Снова... По той же ране.
Закрываю голову руками, сползая по стене, только услышав щелчок двери. Где-то в черепной коробке что-то резко давит и тут же бьёт по глазам. Хочется спрятаться от яркого света и приглушить этот гул в ушах.
Заставляю себя встать, услышав Нинино:
— Ты чего!? Тебе плохо? Скорую?
Ловлю её расплывающийся силуэт. Заставляю себя чуть дыша ответить и пройти в зал, держась за стену.
— Нет, всё в порядке.
Блондинка скрывается на кухне, и, стоит только осесть на диван, сжимая вновь раскладывающийся затылок, появляется со стаканом воды.
— У меня у мамы гипертония, у тебя что... Есть прибор? Где больно?
Заставляет выпить, придерживая стакан. Хлопает своими голубыми, судорожно всматриваясь в моё лицо.
Боль продолжает держаться, но зачем её волновать?
— Я просто не выспалась, не волнуйся. Как твой диплом? — Ложусь на диван. — Выключи свет, прошу...
Гаснет, только она всё не уйдет.
— Вроде неплохо, не знаю, я отправила на проверку, надо ещё антиплагиат пройти...
Всматриваюсь в белые точки на потолке.
— Как у тебя всё... В последний момент.
Нина садится на ковёр рядом, опираясь спиной о диван.
— Тебе лучше?
— Наверное. Иди к себе.
— Не пугай так больше.
Слегка улыбнулась.
— Постараюсь. Нин... Ты когда-нибудь дотрагивалась до Никиты?
— Тьфу, зачем? Мне Артём сразу сказал, ну. Только если случайно, но он шарахался сразу, и меня это постоянно бесило.
— Ясно...
— А к чему ты?
— Просто. Подумалось, не бери в голову.
Неловко спрашивает в ответ, начиная диалог откровений.
— Твоя мать всегда такая?
Даже интересно, что скажет...
— Какая?
— За добренькими словами прячет презрение.
Как странно от нее это слышать, но...
— Да, только не прячет, Нин, а режет им, как бы сильно не любила при этом.
-Такой тип личности? Она скорпион?
Смеюсь...
— Что!? В Cosmo много статей об этом...
— Ты права, Нин, скорпион. Что насчёт Тимофея... — Добавляю. — Анатольевича? Какой он по твоим журналам?

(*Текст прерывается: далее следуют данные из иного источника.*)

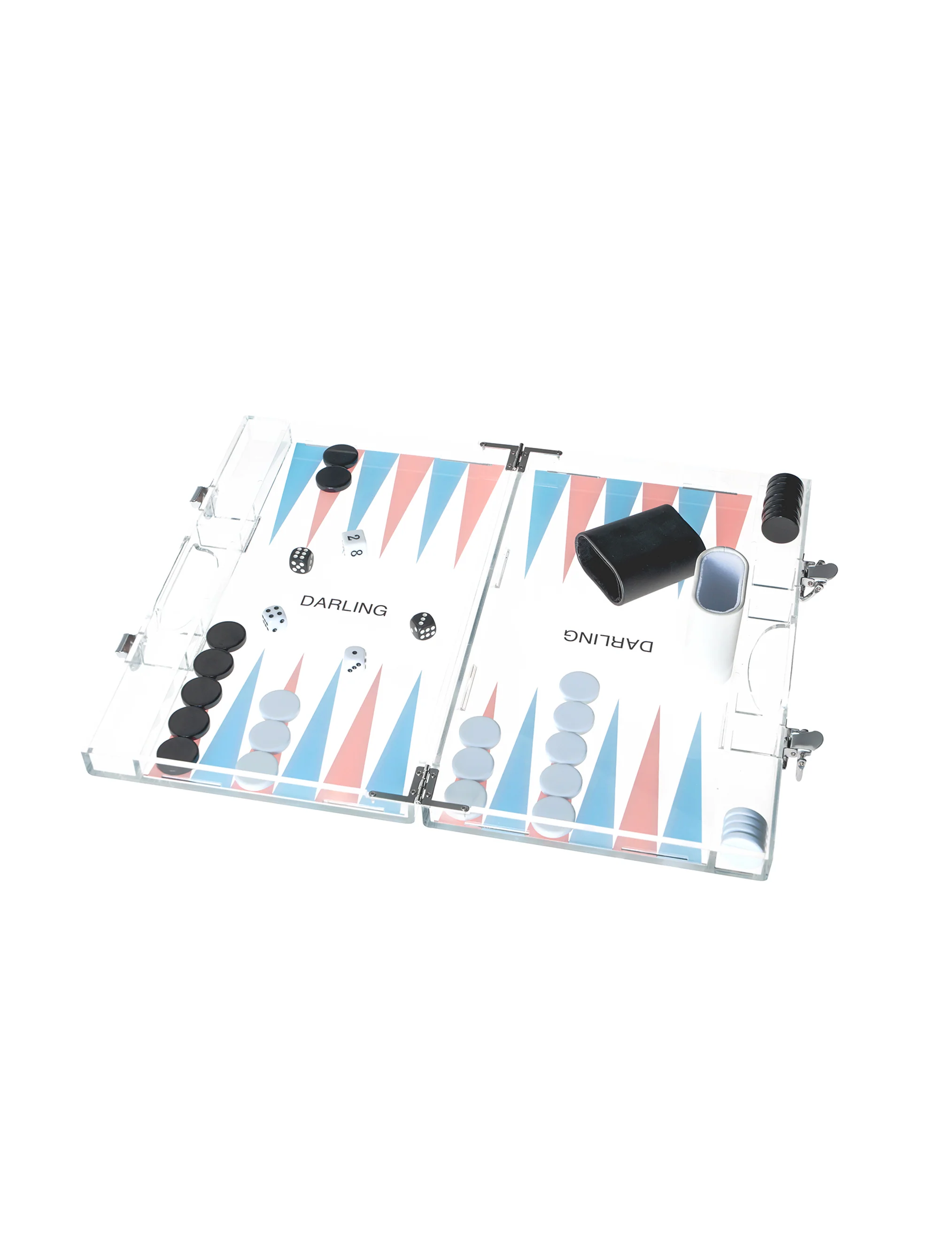 MODERN DESIGN: Contemporary backgammon set made of clear acrlyc with pink and blue triangle markers. Magnetic closure and sleak curves make our backgammon set the perfect piece to display and play!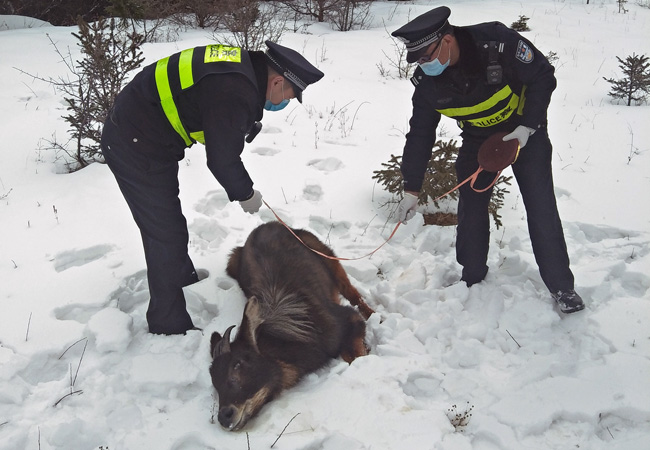 2月17日上午,達古冰川管理局洛格斯管護站王雄建一行2人,在神牛湖巡山護林過程中,發現1只死亡的野生動物,隨即,他向管理局辦公室報告了這一情況。得到消息后,管理局立即通知保護處,并聯系縣林業和草原局、縣森林公安、縣防疫站等相關部門,組成臨時工作組,深入現場進行處置。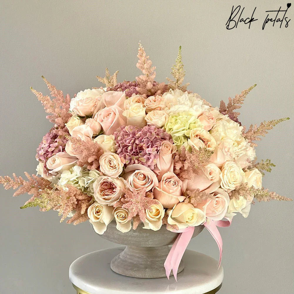 Blush and cream tones meet in this beautiful arrangement inspired by the gorgeous flowers along the streets of Melrose Avenue. Arrangement includes: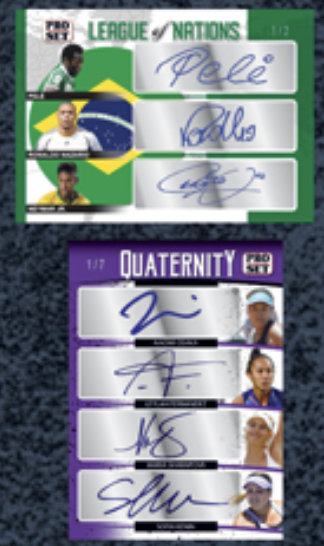 The Basics: Ink from more than 100 of the "most-amazing athletes from all over the world past and present" will be in this one with at least nine different sets in play with designs playing off of early 1990s Pro Set releases. The lineup will include base autos, Action Ink showcasing styling photography, Pro Set Portraits illustrated cards, All-Power Team, Dualistic, Dream Fight, Triple Threat, League Of Nations and Quadernity. Among the teased signers for this one? Erling Haaland, Sandy Koufax, Naomi Osaka, Tony Hawk, Steph Curry, Pele, Kevin Garnett, Mike Tyson, Floyd Mayweather, Ichiro Suzuki, Magic Johnson, Amanda Nunes, Nolan Ryan, Julius Erving, Hulk Hogan, Ric Flair, Steve Austin, Shaquille O'Neal and more. A small sampling is in the gallery below.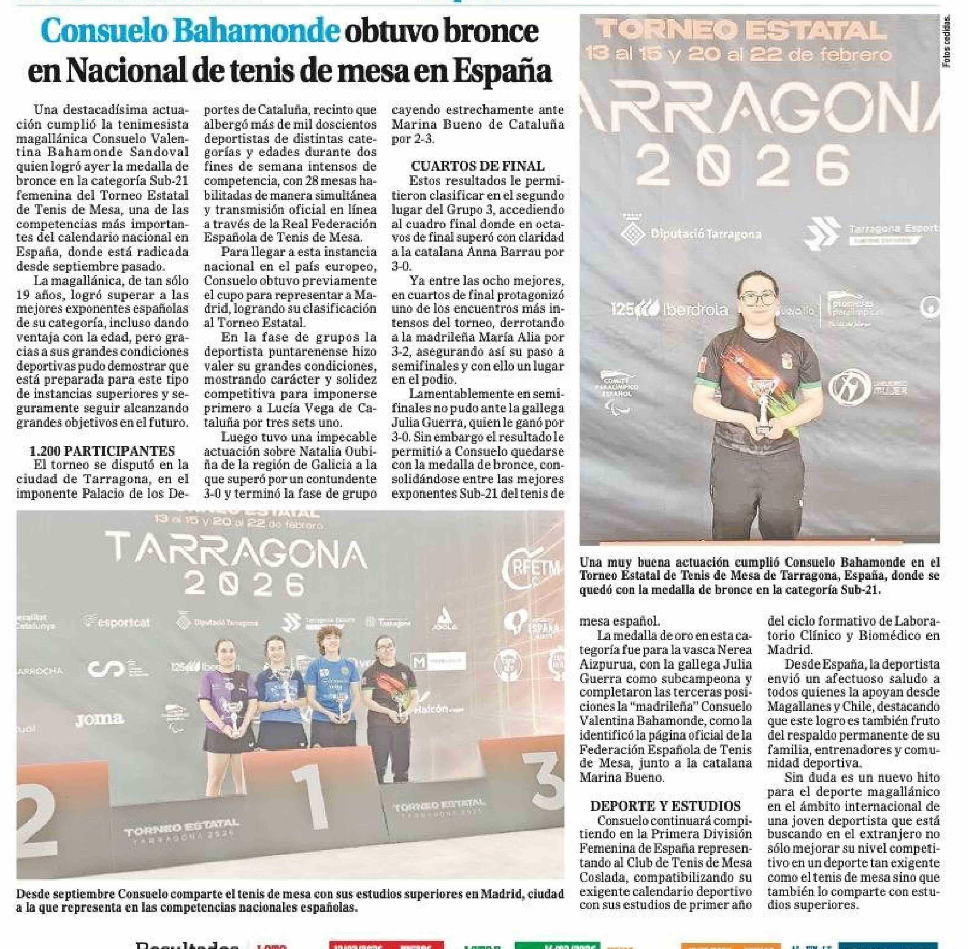 Consuelo Bahamonde obtuvo bronce en Nacional de tenis de mesa en España 15-02-2026 El Magallanes |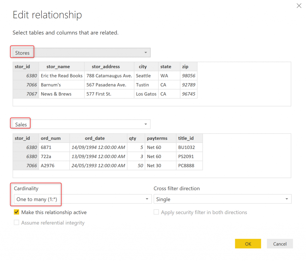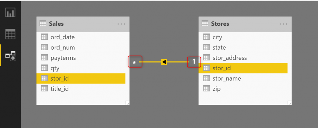 Many-to-one is a relationship commonly used between the fact table and dimension tables around it. The example above is between Sales (which is the fact table), and Stores (which is a dimension table). If we bring another table into the model: Titles (based on title_id in both tables: Sales and Titles). You can see the same many-to-one relationship pattern exists;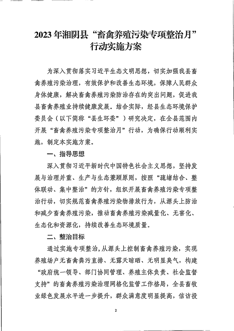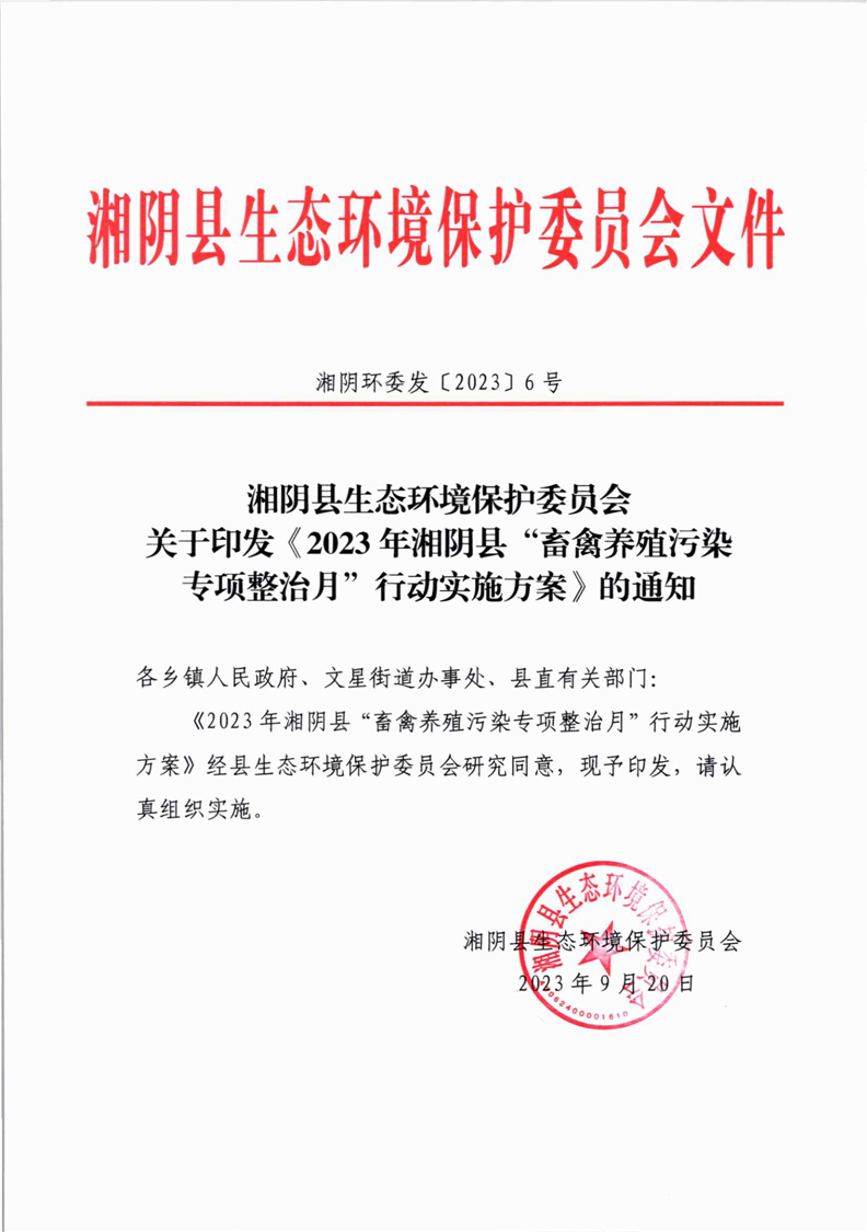 关于印发《2023年湘阴县“ 畜禽养殖污染专项整治月”行动实施方案》的通知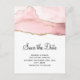 Enregistrez la carte postale du mariage date avec un design élégant et tendance agate. Aquarelle rose rousse avec un look d'agate en marbre subtil et ruban de gloire doré superposé entre les deux.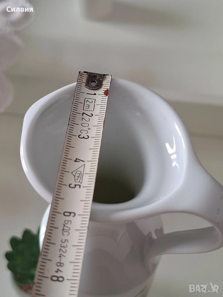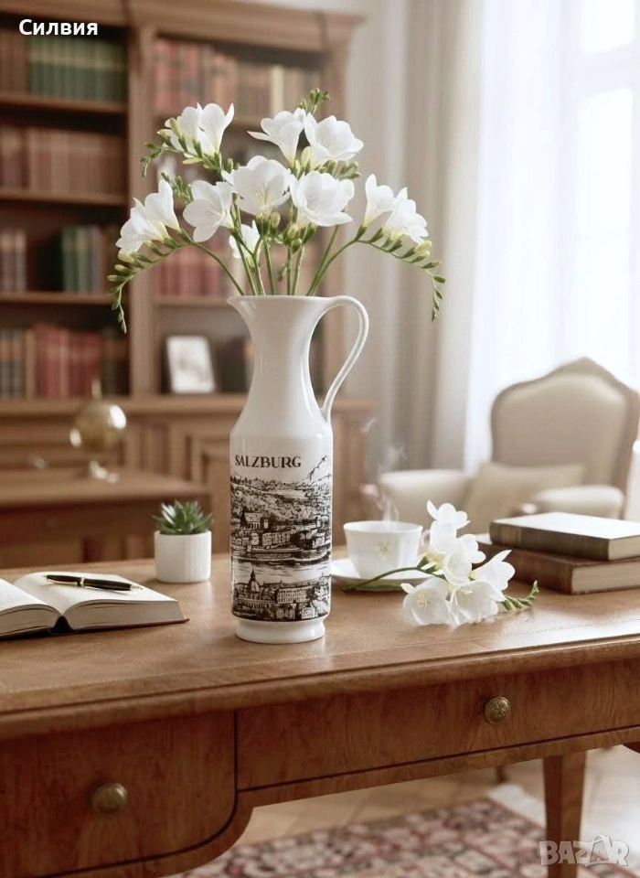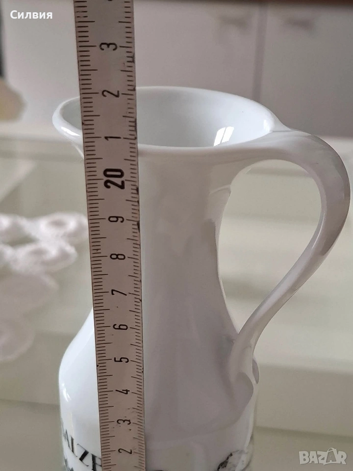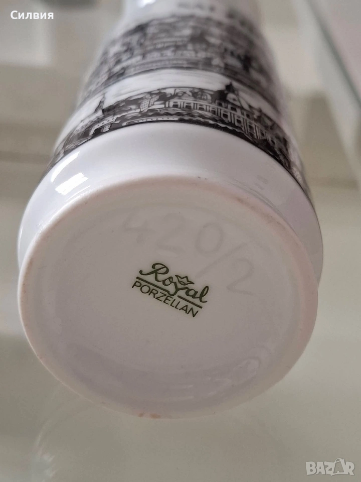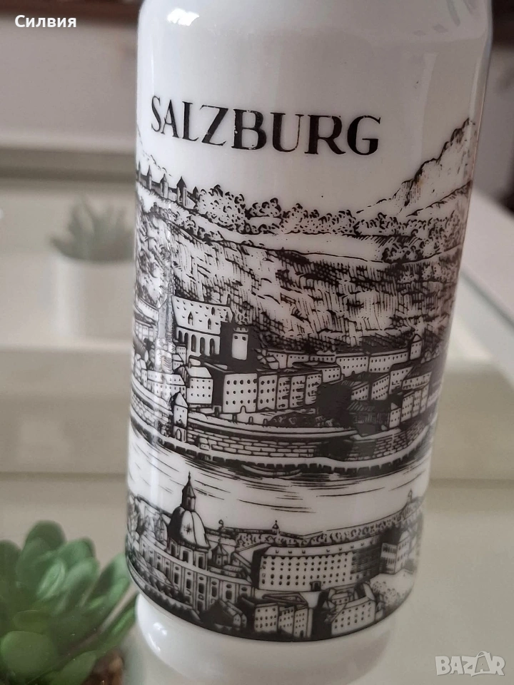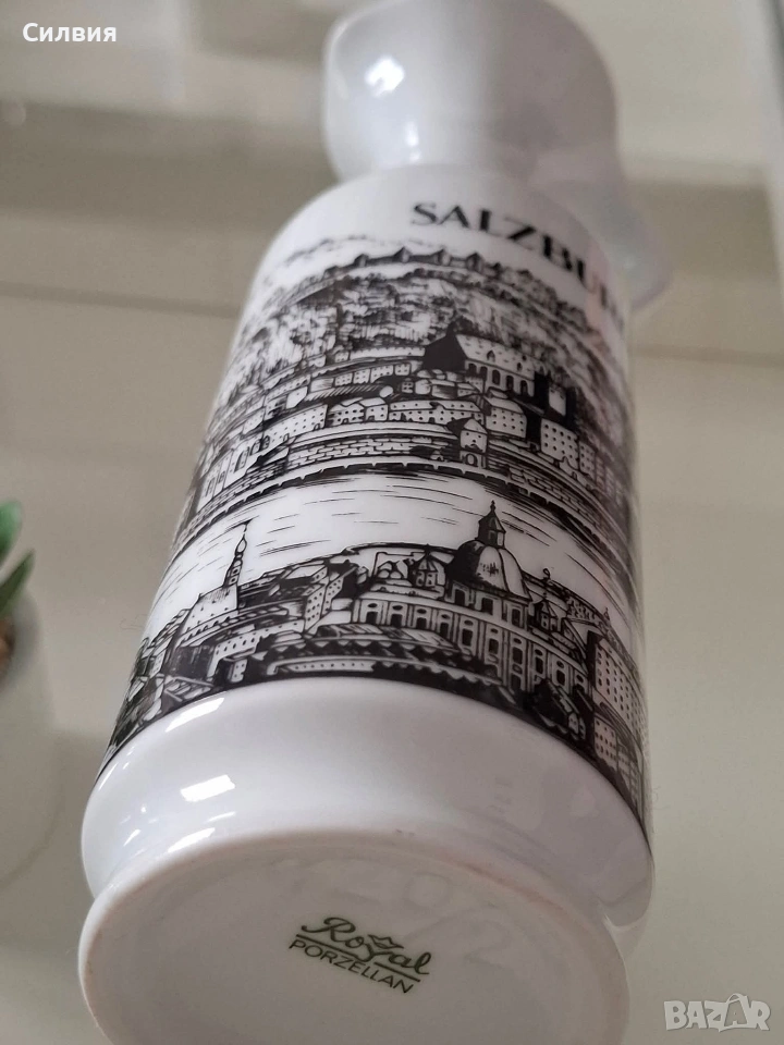 Ретро порцеланова кана/ваза Royal KPM Bavaria – „Salzburg“, 70-те години Порцеланова кана (подходяща и за ваза) на престижната немска марка Royal KPM Bavaria. Предметът е автентичен представител на стилистиката от 70-те години на миналия век. Декорирана с детайлни графични панорами от историческия град Залцбург (Salzburg).Белият висококачествен порцелан и черните графики създават вечен контраст, който придава аристократичен дух на всяко помещение.Произведена през 70-те години, тя съчетава немската прецизност с романтиката на австрийските пейзажи. Височина: 21 см. Налично дъно с печат на производителя. Състояние: отлично винтидж състояние. Стилно допълнение към интериор в класически или антикварен стил, както и за ценители на качествения баварски порцелан. Цена 2️⃣0️⃣€ 《39,12лв 》 •✽✧✽•°”˜🦋”°•✽✧✽•°”˜🦋”°•✽✧✽•°”˜🦋”°•✽✧✽•°”🦋˜”°•✽✧✽•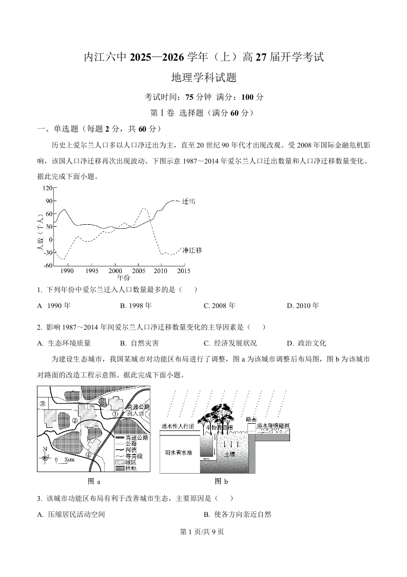 四川省内江市第六中学2025-2026学年高二上学期入学检测 地理.docx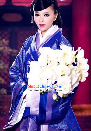 The costume features a traditional blue-purple color scheme, giving it an elegant and mysterious feel.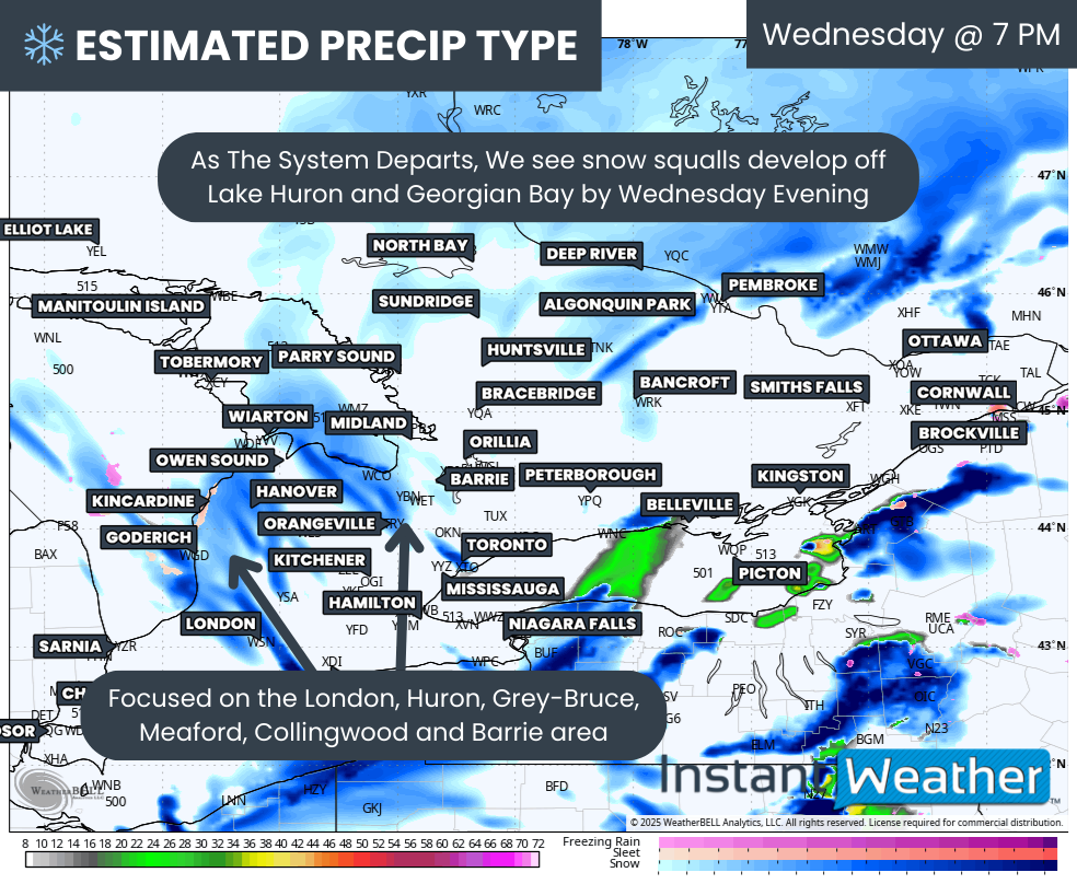 Ahead of it, we may see a few hours of heavy snow squalls develop northeast of Georgian Bay and Lake Ontario. This could bring brief but heavy snow to areas like Parry Sound, Muskoka and Kingston.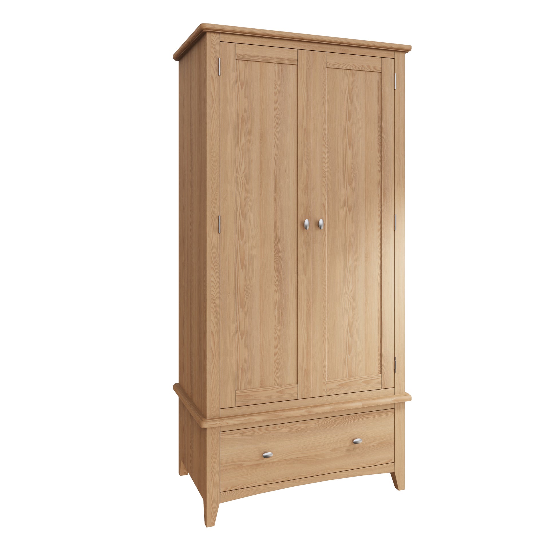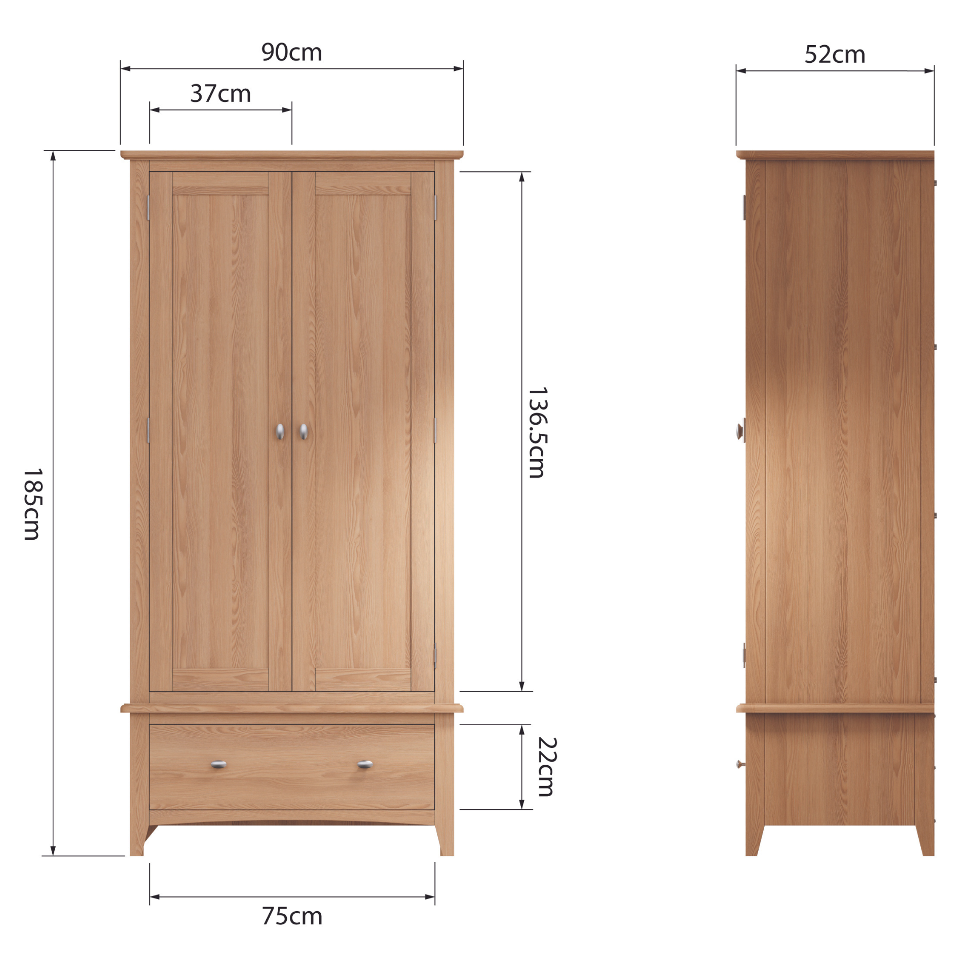 - Solid oak and oak veneer top, drawer fronts and front frame.

Смущается, склонив голову на поджатые колени.
— Я так тебе завидовала, знаешь... Ещё когда не знала тебя... Просто завидовала его жене, а сейчас...
— Так какой он, Нин?
Нулевым словом
Свети и не сгорай
Наверное, странно спрашивать о собственном муже (пока ещё) такое у девушки, что влюблена в него.
Видимо, поэтому Нина смущается маленьким ребенком, которому разрешили рассказать о самом желанном.
— Ну, он... Такой...
Телефон вдруг вибрирует и загорается во тьме белым свечением, оповещая об СМС.
Нелепо отмираю, вчитываясь в его пожелание добрых снов:
"Всё людям снится: радость, грусть
И прочный мир в дому…
Но только наши встречи пусть
Не снятся никому."*
Нина продолжает:
— Необычный, я каждый раз теряюсь. Он всегда приветлив с другими..
— Приветлив? Он!?
Выпадаю из мыслей, только после вспомнив, что говорили о Тимофее, сообразив, что мы совершенно о разном... Она обернулась и пытается понять, что это за выпад. Извиняюсь, обещая больше не перебивать, держу нежную улыбку, но сама не понимаю ни слова из того, что она говорит.
Кажется, что-то про свою безответную... надо услышать.
— Светуль, это неправильно, да? Мне кажется, это какой-то trouble. Ещё и папа...
— Что с ним?
— Выиграл гос.тендер на выполнение капиталки главного корпуса, и теперь там его бригада шуршит, я как не приду, меня каждый окликнет...
Пытаюсь не перебить, уточнив для самой себя, что это их здание.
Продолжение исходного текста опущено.